If you’re building an API, you could feed your completed source code to an LLM and then prompt it to automatically generate API documentation based on that code. Better yet, LLMs are a great way to supercharge your company’s API program.
You’ve done all the work of designing and coding an API or an application, and now you need to make sure it works as expected. Consider using AI tools to optimize your testing processes:
- Automate and scale API testing — Use AI-powered tools to automatically generate and run scripts for performance tests, such as load, soak, stress, spike, and peak tests. You could start with an LLM like ChatGPT or Bard to generate testing scripts. You could also use an AI-driven tool like Postman or Testim to generate scripts quickly and scale testing as needed.
- Improve security — Use AI tools to detect and fix vulnerabilities before attackers discover and exploit them. An AI-powered security testing solution such as Snyk helps ensure the security of your APIs or applications by automating some of the testing processes and quickly identifying potential vulnerabilities.

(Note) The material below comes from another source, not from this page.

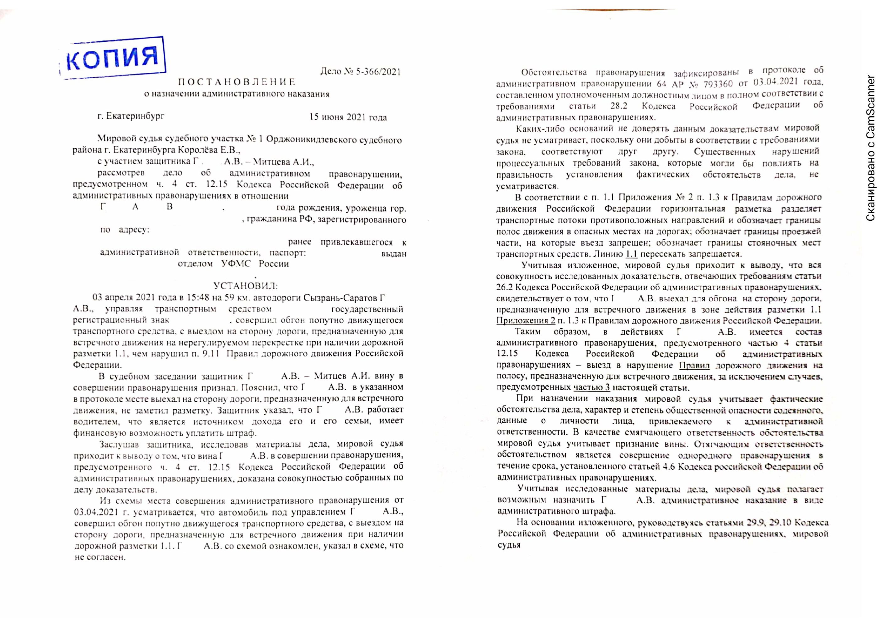 Рассмотрев дело об административном правонарушении, предусмотренном ч.4 ст.12.15 Кодекса РФ об административных нарушениях был назначен штраф 5000 рублей. Права сохранены.
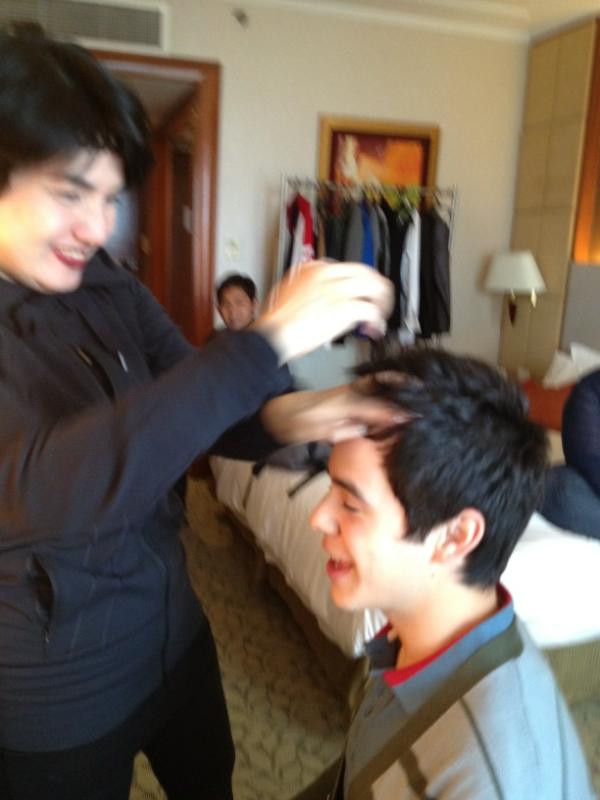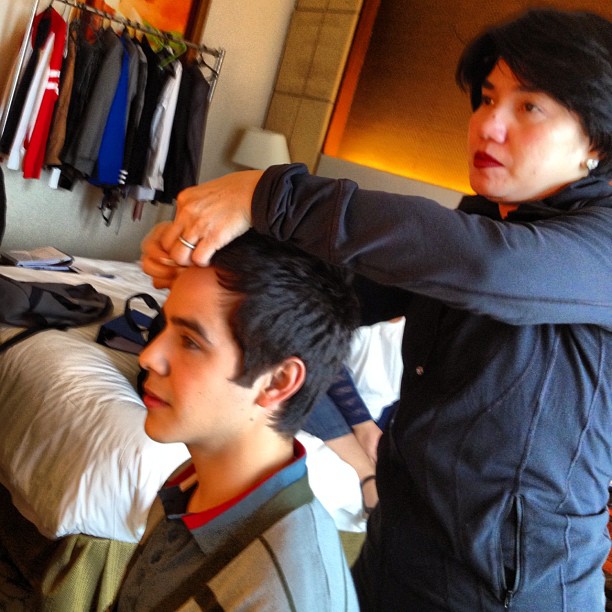 Take ‘work’ home hahahahaha. Hard duty, wow. btw, I am a fan of the Pin Antonio cockatiel crest on David’s hair.

- Test more edge cases — AI lets you automate the execution of test scenarios so that you can discover and test edge cases for APIs and applications faster than traditional methods. Use AI-powered tools such as CodiumAI or Testsigma to dramatically speed up edge case discovery and testing.
If you’re planning on designing an API, you should consider testing your API design before you start coding. With Stoplight, you can create a mock server from an API description and then test your design using API mocking before the coding phase.
Once you’ve completed your project, you’ll need to maintain it. Many of the tools highlighted above can help you maintain your API or application efficiently. For example, AI assistants can help you manage project plans and schedules to keep you and your team focused and organized around maintenance. You’ll also need to monitor the APIs your application uses and keep track of API metrics. AI-driven API monitoring solutions such as APImetrics and Datadog allow you to measure API or application performance. Use these metrics to know when and how to properly maintain your API or application.
You Have Many Options When It Comes to AI Tools
This article highlights only a fraction of the AI tools available to developers today. As more companies integrate AI into their products, your options of tools for researching, designing, coding, testing, and maintaining APIs and applications will only improve.
What AI-driven tools do you recommend for developing APIs or applications?